Dedicated docs page for distributed checkpoints (Trainer) (Lightning-AI#19299)

awaelchli · web-flow · commit 93c1ab0653d5 · 2024-01-17T12:20:12.000+01:00
diff --git a/docs/source-fabric/advanced/model_parallel/fsdp.rst b/docs/source-fabric/advanced/model_parallel/fsdp.rst
@@ -12,9 +12,9 @@ Even a single H100 GPU with 80 GB of VRAM (the biggest today) is not enough to t
 The memory consumption for training is generally made up of
 
 1. the model parameters,
-2. the layer activations (forward) and
-3. the gradients (backward).
-4. the optimizer states (e.g., Adam has two additional exponential averages per parameter),
+2. the layer activations (forward),
+3. the gradients (backward) and
+4. the optimizer states (e.g., Adam has two additional exponential averages per parameter).
 
 |
 
diff --git a/docs/source-fabric/guide/checkpoint/distributed_checkpoint.rst b/docs/source-fabric/guide/checkpoint/distributed_checkpoint.rst
@@ -47,7 +47,6 @@ The distributed checkpoint format is the default when you train with the :doc:`F
 
 With ``state_dict_type="sharded"``, each process/GPU will save its own file into a folder at the given path.
 This reduces memory peaks and speeds up the saving to disk.
-The resulting checkpoint folder will have this structure:
 
 .. collapse:: Full example
 
@@ -103,6 +102,7 @@ The resulting checkpoint folder will have this structure:
         ├── __1_0.distcp
         ├── __2_0.distcp
         ├── __3_0.distcp
+        ├── .metadata
         └── meta.pt
 
     The ``.distcp`` files contain the tensor shards from each process/GPU. You can see that the size of these files
diff --git a/docs/source-pytorch/advanced/model_parallel/fsdp.rst b/docs/source-pytorch/advanced/model_parallel/fsdp.rst
@@ -16,9 +16,9 @@ Even a single H100 GPU with 80 GB of VRAM (the biggest today) is not enough to t
 The memory consumption for training is generally made up of
 
 1. the model parameters,
-2. the layer activations (forward) and
-3. the gradients (backward).
-4. the optimizer states (e.g., Adam has two additional exponential averages per parameter),
+2. the layer activations (forward),
+3. the gradients (backward) and
+4. the optimizer states (e.g., Adam has two additional exponential averages per parameter).
 
 |
 
@@ -200,7 +200,8 @@ Before:
     class LanguageModel(L.LightningModule):
         def __init__(self, vocab_size):
             super().__init__()
-            self.model = Transformer(vocab_size=vocab_size, nlayers=32, nhid=4096, ninp=1024, nhead=64)  # 1B parameters
+            # 1B parameters
+            self.model = Transformer(vocab_size=vocab_size, nlayers=32, nhid=4096, ninp=1024, nhead=64)
 
 After:
 
@@ -397,13 +398,14 @@ The resulting checkpoint folder will have this structure:
     ├── .metadata
     ├── __0_0.distcp
     ├── __1_0.distcp
+    ...
     └── meta.pt
 
 The “sharded” checkpoint format is the most efficient to save and load in Lightning.
 
 **Which checkpoint format should I use?**
 
-- ``state_dict_type="sharded"``: Use for pre-training very large models. It is fast and uses less memory, but it is less portable. An extra step is needed to convert the sharded checkpoint into a regular checkpoint file.

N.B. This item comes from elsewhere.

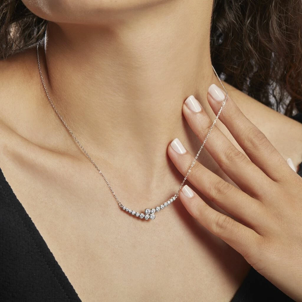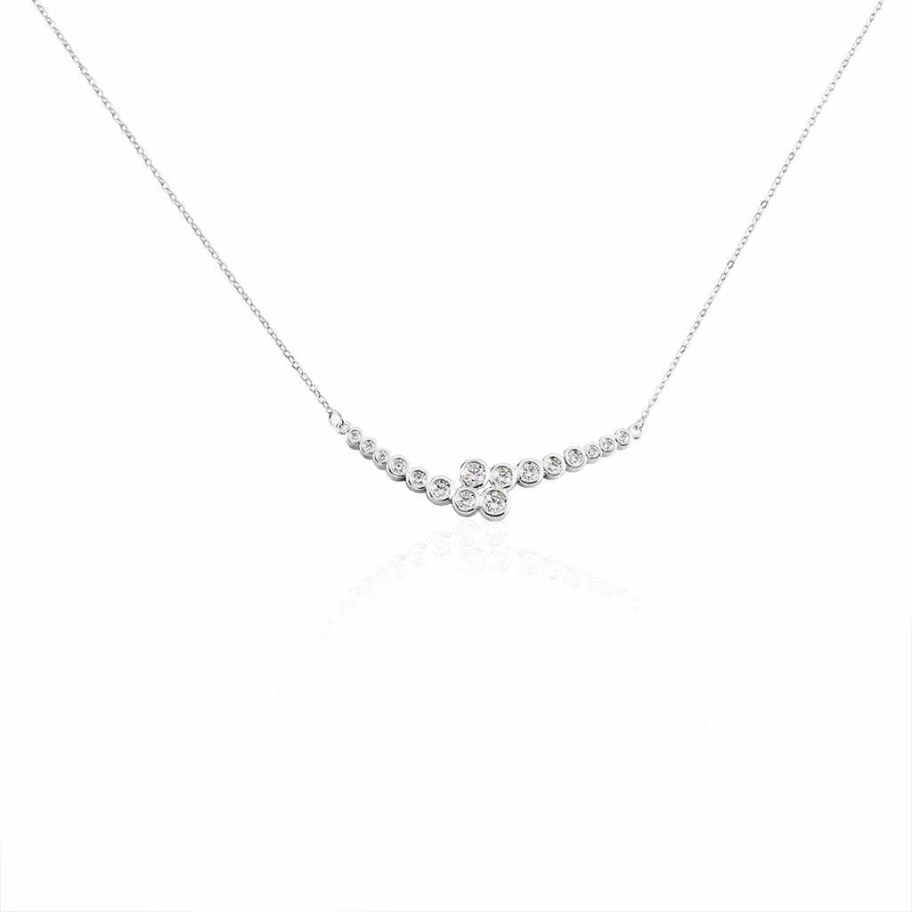 Collier Argent Blanc 925/1000 Effet Rivières Croissantes Plastron Sertis Clos Oxydes De Zirconium Maille Forçat 45cm

+- ``state_dict_type="sharded"``: Use for pre-training very large models. It is fast and uses less memory, but it is less portable. An extra step is needed to :doc:`convert the sharded checkpoint into a regular checkpoint file <../../common/checkpointing_expert>`.
 - ``state_dict_type="full"``: Use when pre-training small to moderately large models (less than 10B parameters), when fine-tuning, and when portability is required.
 
 
diff --git a/docs/source-pytorch/common/checkpointing.rst b/docs/source-pytorch/common/checkpointing.rst
@@ -45,7 +45,7 @@ Checkpointing
 
 .. displayitem::
    :header: Distributed checkpoints
-   :description: Customize checkpointing for custom distributed strategies and accelerators.
+   :description: Save and load very large models efficiently with distributed checkpoints
    :col_css: col-md-4
    :button_link: checkpointing_expert.html
    :height: 150
diff --git a/docs/source-pytorch/common/checkpointing_expert.rst b/docs/source-pytorch/common/checkpointing_expert.rst
@@ -6,121 +6,134 @@
 Distributed checkpoints (expert)
 ################################
 
-*********************************
-Writing your own Checkpoint class
-*********************************
+Generally, the bigger your model is, the longer it takes to save a checkpoint to disk.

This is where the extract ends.